Наверно, когда-то Альтштадт был красив. Я угадываю его былую красоту, хоть и не вижу ее – как наметанный глаз распознает красоту юности, скользя по старческим морщинам. Морщины Альтштадта – трещины, изъевшие его тело, покрывшие фасады, заборы и мостовую. Иногда мне попадается какая-нибудь мелочь, которую время равнодушно тянет по течению: старинный бронзовый замок или фреска конца позапрошлого века, старомодный пистолет или запонка – и тогда мне кажется, что я вижу кусочек старого Альтштадта – того самого, на улицах которого звенят шаги баварских ландскнехтов, звучит непривычная нынче речь, а герольды гудящими как медь голосами зачитывают обращения доброй памяти императора Рудольфа. Но иллюзия эта быстро пропадает и, крутя в руках очередную бесполезную вещицу, я убеждаюсь в том, что это лишь обломок прошлого, бесполезный и нелепый.

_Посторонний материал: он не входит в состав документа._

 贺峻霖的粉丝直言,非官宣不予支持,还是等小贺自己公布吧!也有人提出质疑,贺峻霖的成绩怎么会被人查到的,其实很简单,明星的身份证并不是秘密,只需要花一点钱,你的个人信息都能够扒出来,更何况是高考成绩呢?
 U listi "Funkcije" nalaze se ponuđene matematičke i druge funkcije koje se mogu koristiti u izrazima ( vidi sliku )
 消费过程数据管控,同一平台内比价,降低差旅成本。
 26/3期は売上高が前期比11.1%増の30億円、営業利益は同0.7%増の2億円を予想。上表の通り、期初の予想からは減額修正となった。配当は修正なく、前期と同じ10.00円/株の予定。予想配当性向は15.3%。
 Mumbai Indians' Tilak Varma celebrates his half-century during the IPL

Как прядь волос умершего человека – она хранит его запах, но уже не является частью его, всего лишь оторванным клочком, который никогда не вернется к целому.
Наверно, раньше улицы Альтштадта были широки, прямы и просторны, а дома – крепки и светлы. Здесь могло пахнуть липами или тополями – иногда я вижу их скрюченные, почерневшие от времени или огня скелеты в тени переулков. Тогда город был молод, а молодости свойственны размах и еще то особенное, бывающее лишь в жизни, ощущение ликующей трепещущей вседозволенности. Альтштадт поднимался из болот, давил свежевырубленным камнем, как огромным сапогом, их ядовитые соки, засыпался золотистой сосновой стружкой и звенел на двести миль в округе кузнечными молотами. Он разрастался, обрастал высокими стенами, пронзал небо неуклюжими мощными башнями, покрывался с головы до ног матово блестящей черепицей и сиял слюдянистым блеском стекла.

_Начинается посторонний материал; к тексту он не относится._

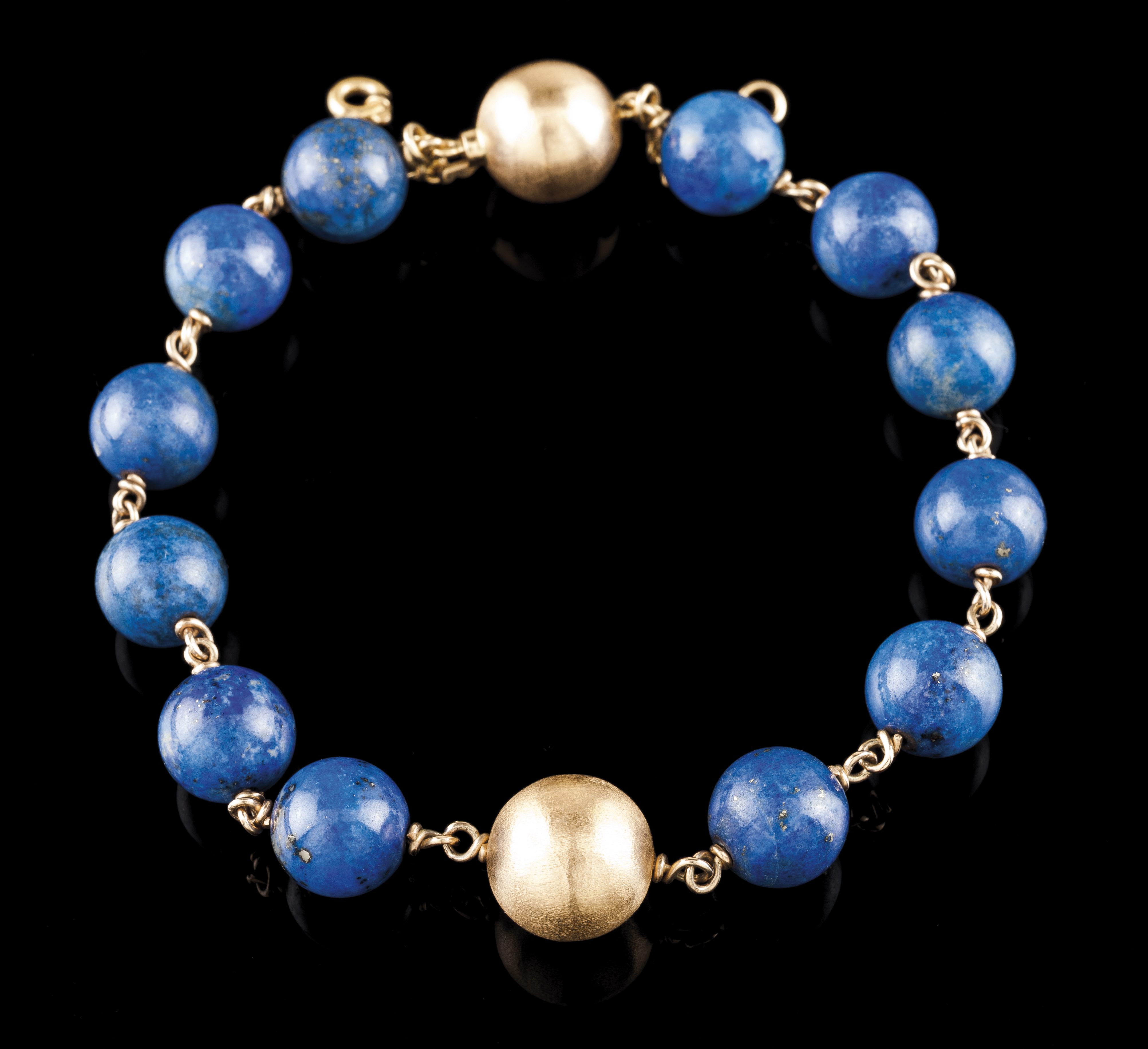 Em ouro com contas de lapis-lazuli e duas contas em ouro escovado

Он был силен и крепок, этот организм, рожденный из камня и человеческого упрямства – двух самых прочных веществ в мире, спаянных за несколько веков. У его стен были французы, были англичане, были русские – и ни разу он не отпер своих ворот. Дважды в него приходила чума – зловонная старуха с холодными гноящимися глазами, четырежды бывал пожар – а после Большого пожара восемьдесят третьего город уцелел едва ли наполовину. Но он жил – дышал, скрипел, источал запахи.
Но он уже менялся, хоть и сохранил неприступными крепостные стены. Как опухоль, развивающаяся внутри организма, незаметна глазу, так и изменения Альтштадта никого не могли удивить. Он рос, кипел беспокойной жизнью, обзаводился новыми церквями, цехами, складами. Трактиры и ресторации выросли на каждом углу, а клубам и бильярдным и подавно не было числа. Появлялись лицеи, театры, цирюльни – все больше и больше камня вжималось, впрессовывалось в некогда крепкое и прочное тело. Дух десятков тысяч людей наполнил его.

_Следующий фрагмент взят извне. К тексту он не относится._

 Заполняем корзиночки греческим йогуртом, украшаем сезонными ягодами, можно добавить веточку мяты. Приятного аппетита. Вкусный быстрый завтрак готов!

Это уже был какой-то другой Альтштадт, пусть Господь и дозволил ему занимать то же самое место, что прежде занимал его тезка. Он стал громоздок, шумен, поспешен, пылен. В старом теле давно бродили новые соки. Дома жались друг к другу, как беспомощные старики, поддерживающие друг друга немощными плечами – и сами были такими же немощными, с прохудившимися крышами и сработанными еще сто лет назад, но рассыпающимися на глазах ступенями. Я не любил этих домов ни снаружи, ни внутри. Улицы, схожие с переплетением кишок или клубком змей, хранящие полумрак, сырость и кислый прелый запах множества человеческих тел. Это был не тот город, в котором я хотел бы жить. Но старый Альтштадт – тот, который был мне больше по душе, – давно умер.
«А чтобы воскрешать города, – подумал я, – сил одного тоттмейстера, пожалуй, будет маловато».
Пройдя два или три квартала, я свернул на Фелл-штрассе. Как всегда в такой час, она была безлюдна – насколько вообще может быть безлюдной улица Альтштадта. Длинная, освещенная редкими газовыми фонарями кишка. «Или язык, – подумал я, – язык между двух шеренг уродливых, искрошившихся зубов». На Фелл-штрассе людей было немного, и в дневную пору в этом квартале располагались кожевенные мастерские, оттого воздух постоянно был насыщен миазмами, от которых немудрено и сознание потерять. Днем здесь пылали огромные печи, трещали станки, скрипели вороты, на железных крючьях болтались лоскуты кожи, источающие все тот же, бередящий желудок, острый и едкий запах.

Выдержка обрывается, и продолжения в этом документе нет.